■ **Task statement**
Your answer should repeat every line of the records below in which the word "Cisco" appears.

■ **Data provided**
------------------------------------------------

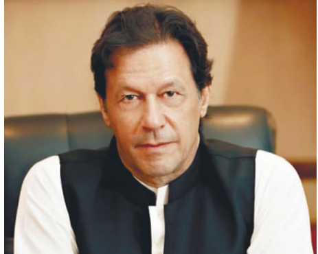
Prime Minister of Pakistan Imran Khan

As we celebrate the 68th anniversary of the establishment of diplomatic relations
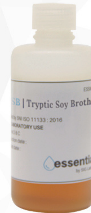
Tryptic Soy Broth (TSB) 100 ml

------------------------------------------------

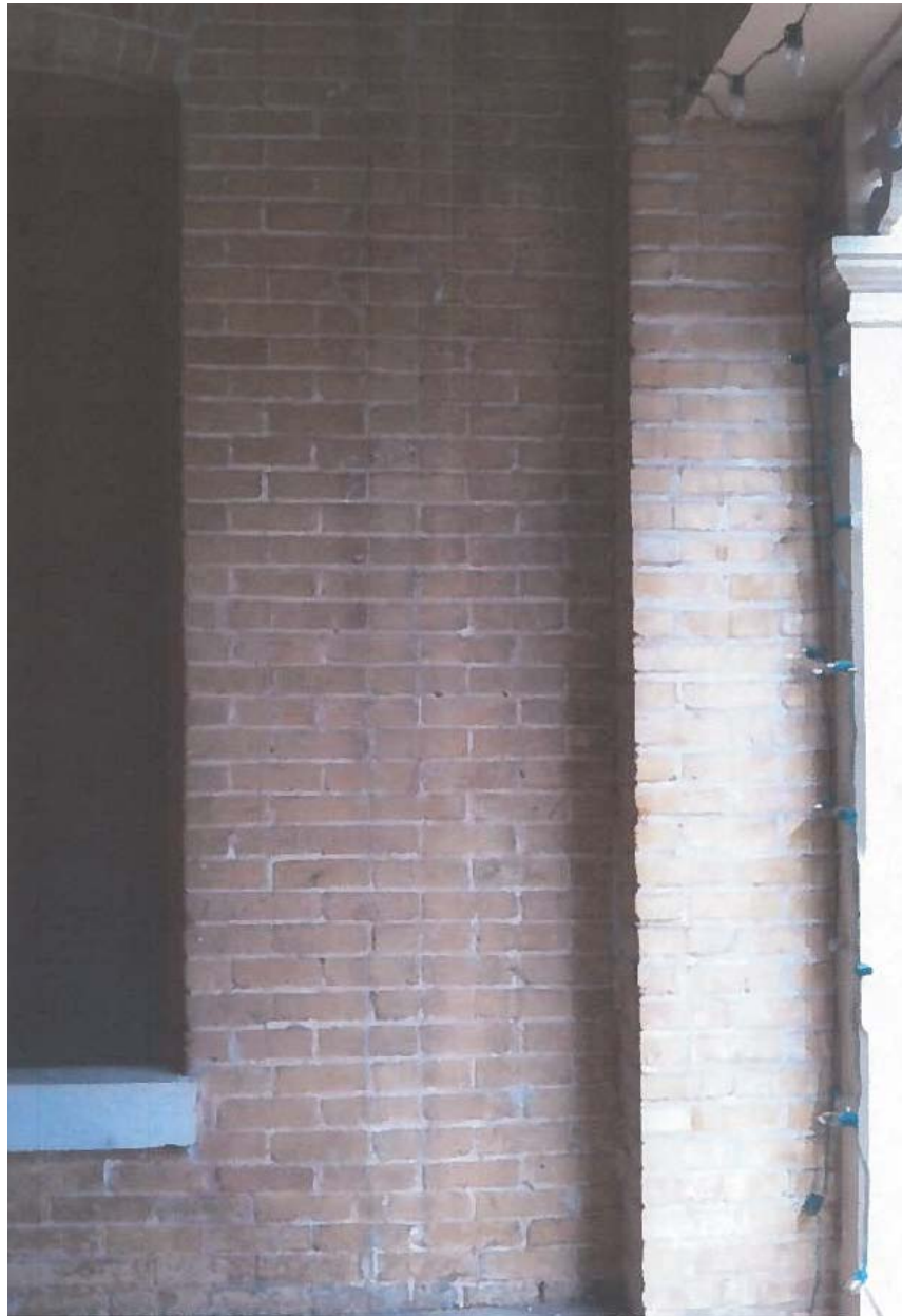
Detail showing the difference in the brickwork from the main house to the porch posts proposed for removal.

------------------------------------------------

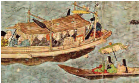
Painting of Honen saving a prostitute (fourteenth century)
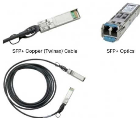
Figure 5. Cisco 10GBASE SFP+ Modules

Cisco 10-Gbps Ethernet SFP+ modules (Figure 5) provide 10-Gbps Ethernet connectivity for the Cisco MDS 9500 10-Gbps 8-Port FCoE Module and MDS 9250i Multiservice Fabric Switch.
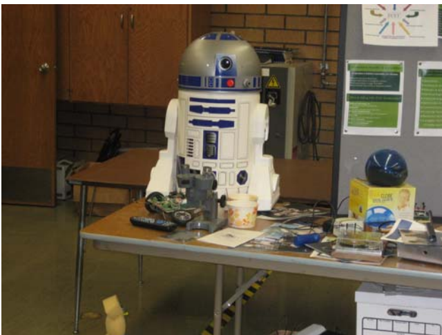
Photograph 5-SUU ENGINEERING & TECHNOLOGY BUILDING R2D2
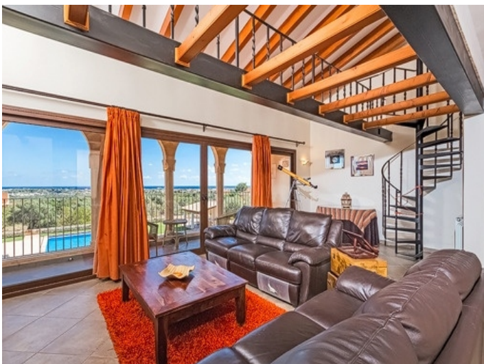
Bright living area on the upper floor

------------------------------------------------

■ **Exercise result**
Figure 5. Cisco 10GBASE SFP+ Modules
Cisco 10-Gbps Ethernet SFP+ modules (Figure 5) provide 10-Gbps Ethernet connectivity for the Cisco MDS 9500 10-Gbps 8-Port FCoE Module and MDS 9250i Multiservice Fabric Switch.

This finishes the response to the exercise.